'''

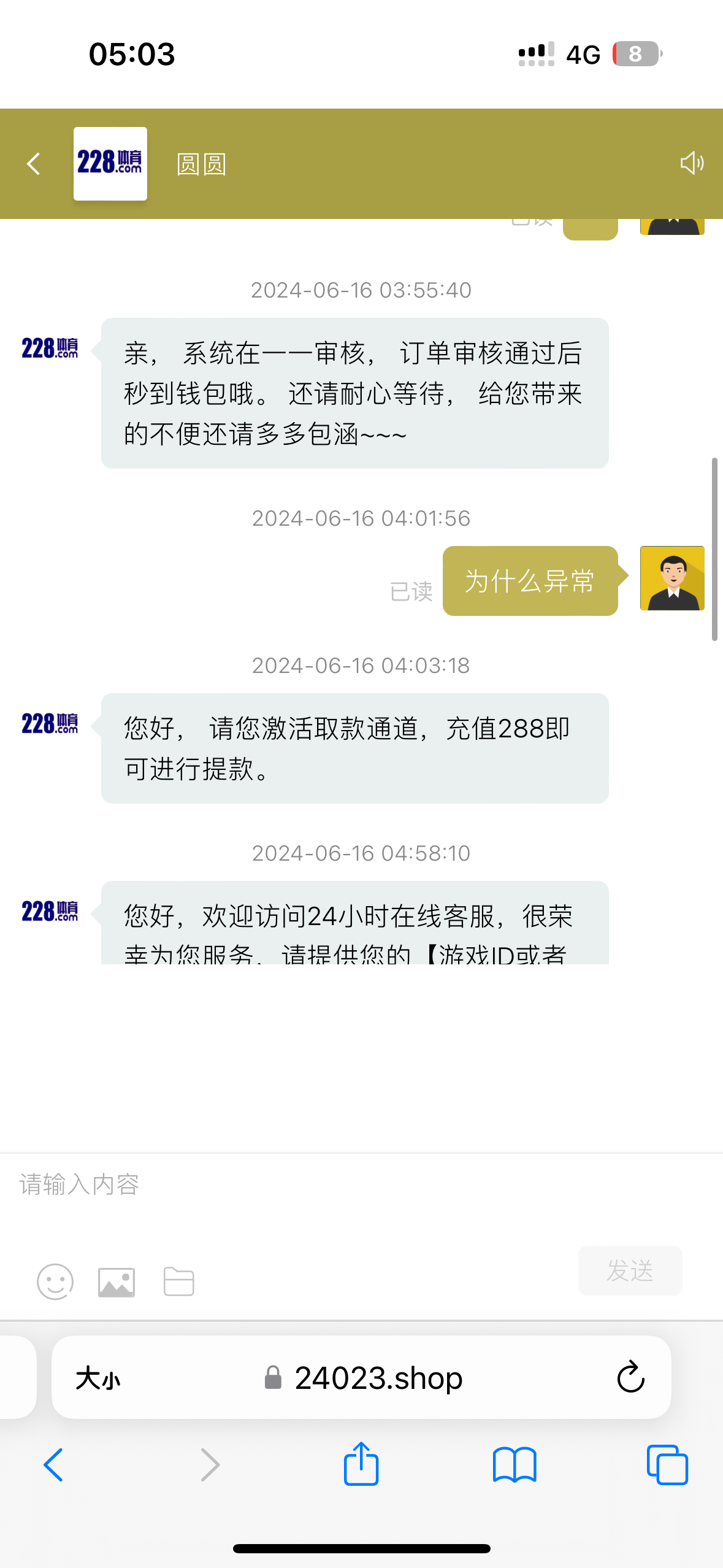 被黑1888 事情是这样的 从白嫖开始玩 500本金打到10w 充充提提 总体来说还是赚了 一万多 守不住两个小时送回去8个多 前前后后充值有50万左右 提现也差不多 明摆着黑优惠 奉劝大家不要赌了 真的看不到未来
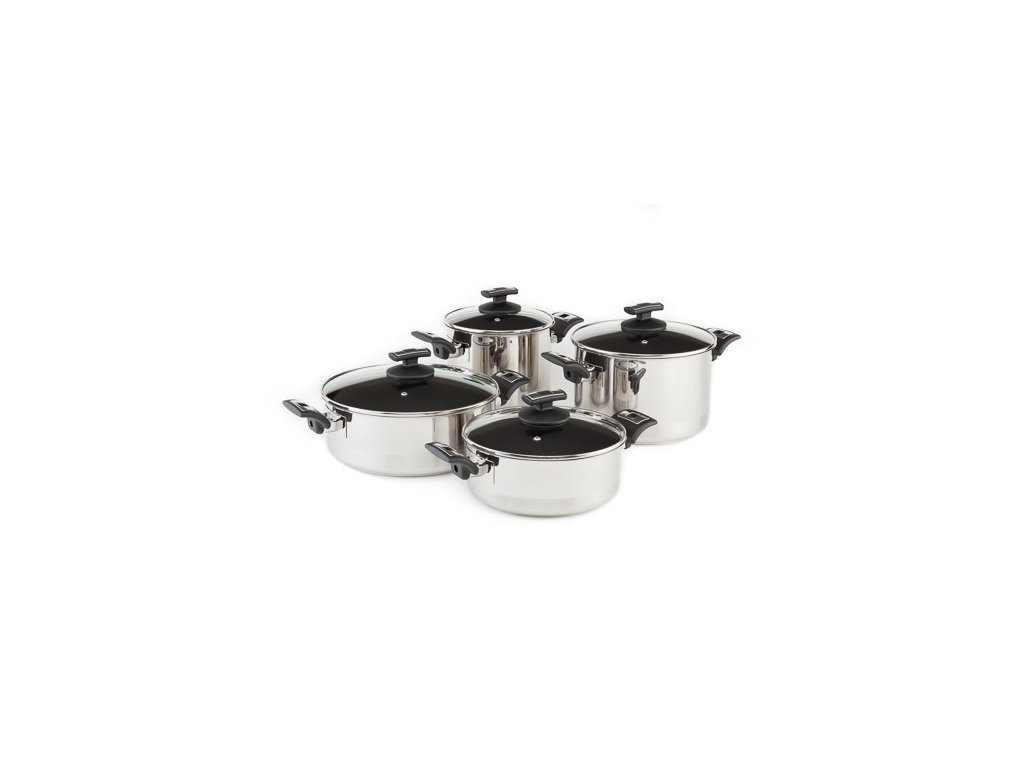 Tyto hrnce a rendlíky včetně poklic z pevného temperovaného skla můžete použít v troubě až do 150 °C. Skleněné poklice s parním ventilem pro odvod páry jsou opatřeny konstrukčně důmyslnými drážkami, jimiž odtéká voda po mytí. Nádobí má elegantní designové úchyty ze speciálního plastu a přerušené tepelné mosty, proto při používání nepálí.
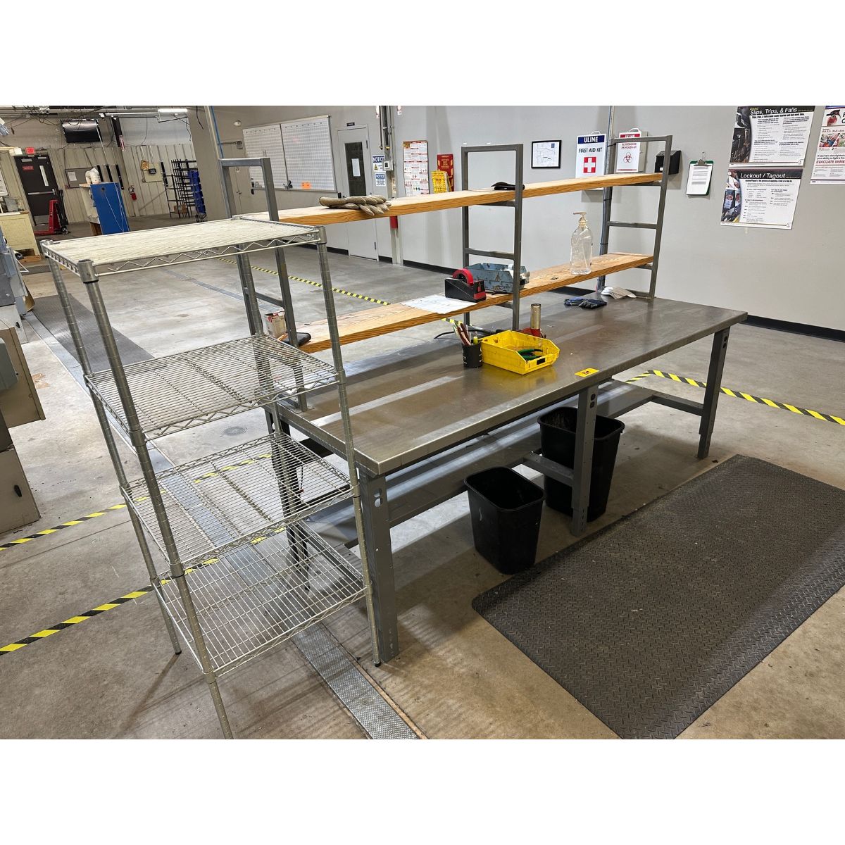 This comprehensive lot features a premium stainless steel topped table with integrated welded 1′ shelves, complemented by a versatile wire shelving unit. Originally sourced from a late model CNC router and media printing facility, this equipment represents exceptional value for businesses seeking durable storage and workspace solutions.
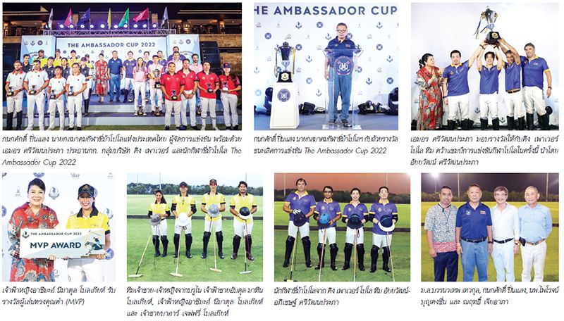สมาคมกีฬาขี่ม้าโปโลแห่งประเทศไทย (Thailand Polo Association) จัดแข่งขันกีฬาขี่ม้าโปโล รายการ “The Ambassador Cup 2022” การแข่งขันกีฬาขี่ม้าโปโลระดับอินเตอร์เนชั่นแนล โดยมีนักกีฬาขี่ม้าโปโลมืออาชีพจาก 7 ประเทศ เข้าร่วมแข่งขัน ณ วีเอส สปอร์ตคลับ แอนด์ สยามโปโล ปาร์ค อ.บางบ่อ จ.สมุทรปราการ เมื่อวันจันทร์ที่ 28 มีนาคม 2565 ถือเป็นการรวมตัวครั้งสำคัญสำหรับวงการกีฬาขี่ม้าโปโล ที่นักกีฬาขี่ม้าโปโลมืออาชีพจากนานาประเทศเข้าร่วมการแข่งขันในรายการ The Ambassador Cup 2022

'''
'''

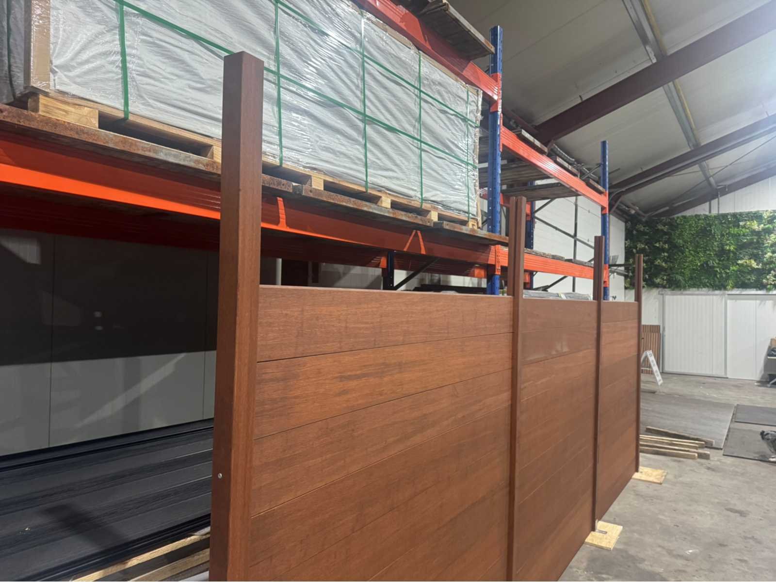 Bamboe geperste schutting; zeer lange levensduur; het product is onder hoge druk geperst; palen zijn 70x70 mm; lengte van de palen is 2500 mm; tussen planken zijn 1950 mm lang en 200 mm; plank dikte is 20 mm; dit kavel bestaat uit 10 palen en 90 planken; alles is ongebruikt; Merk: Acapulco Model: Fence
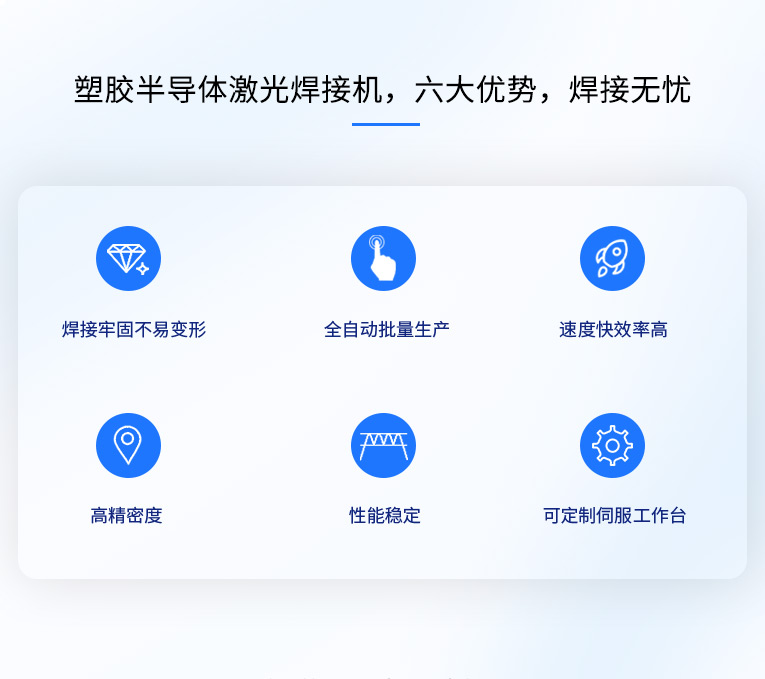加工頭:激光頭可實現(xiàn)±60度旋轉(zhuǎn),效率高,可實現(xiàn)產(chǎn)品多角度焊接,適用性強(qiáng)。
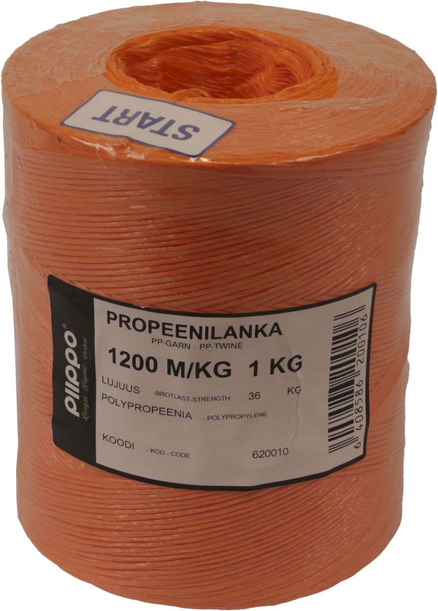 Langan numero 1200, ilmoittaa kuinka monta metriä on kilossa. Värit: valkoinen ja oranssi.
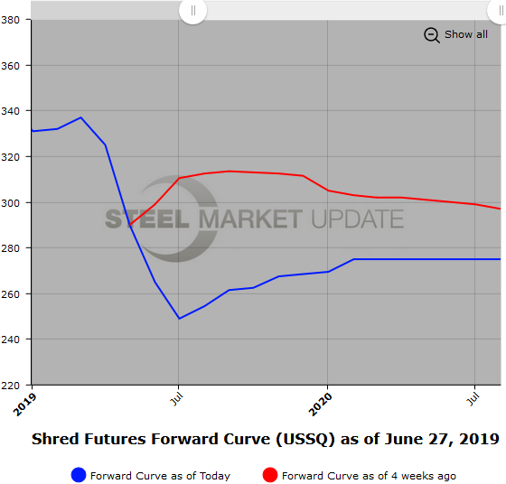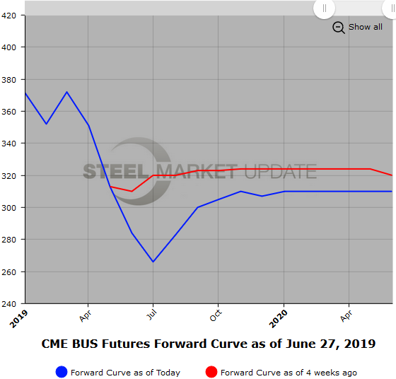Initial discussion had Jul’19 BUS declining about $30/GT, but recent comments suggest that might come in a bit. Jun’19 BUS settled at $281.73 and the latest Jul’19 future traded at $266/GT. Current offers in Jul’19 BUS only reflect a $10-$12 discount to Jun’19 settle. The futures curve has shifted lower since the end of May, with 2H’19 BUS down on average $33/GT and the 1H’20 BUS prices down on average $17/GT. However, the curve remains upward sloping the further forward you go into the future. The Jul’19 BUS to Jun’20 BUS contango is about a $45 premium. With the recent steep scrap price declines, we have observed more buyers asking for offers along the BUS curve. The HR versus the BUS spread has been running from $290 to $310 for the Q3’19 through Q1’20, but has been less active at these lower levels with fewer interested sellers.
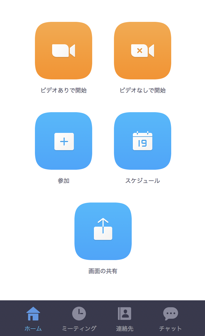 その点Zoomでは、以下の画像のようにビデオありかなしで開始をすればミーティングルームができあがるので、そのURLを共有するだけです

'''

## What you need to do:
Output exactly the lines above that lie between the line with "Initial discussion had" and the line with "その点Zoomでは、以下の画", those two lines included, and no pictures.

## Answer for this exercise:
Initial discussion had Jul’19 BUS declining about $30/GT, but recent comments suggest that might come in a bit. Jun’19 BUS settled at $281.73 and the latest Jul’19 future traded at $266/GT. Current offers in Jul’19 BUS only reflect a $10-$12 discount to Jun’19 settle. The futures curve has shifted lower since the end of May, with 2H’19 BUS down on average $33/GT and the 1H’20 BUS prices down on average $17/GT. However, the curve remains upward sloping the further forward you go into the future. The Jul’19 BUS to Jun’20 BUS contango is about a $45 premium. With the recent steep scrap price declines, we have observed more buyers asking for offers along the BUS curve. The HR versus the BUS spread has been running from $290 to $310 for the Q3’19 through Q1’20, but has been less active at these lower levels with fewer interested sellers.
 その点Zoomでは、以下の画像のようにビデオありかなしで開始をすればミーティングルームができあがるので、そのURLを共有するだけです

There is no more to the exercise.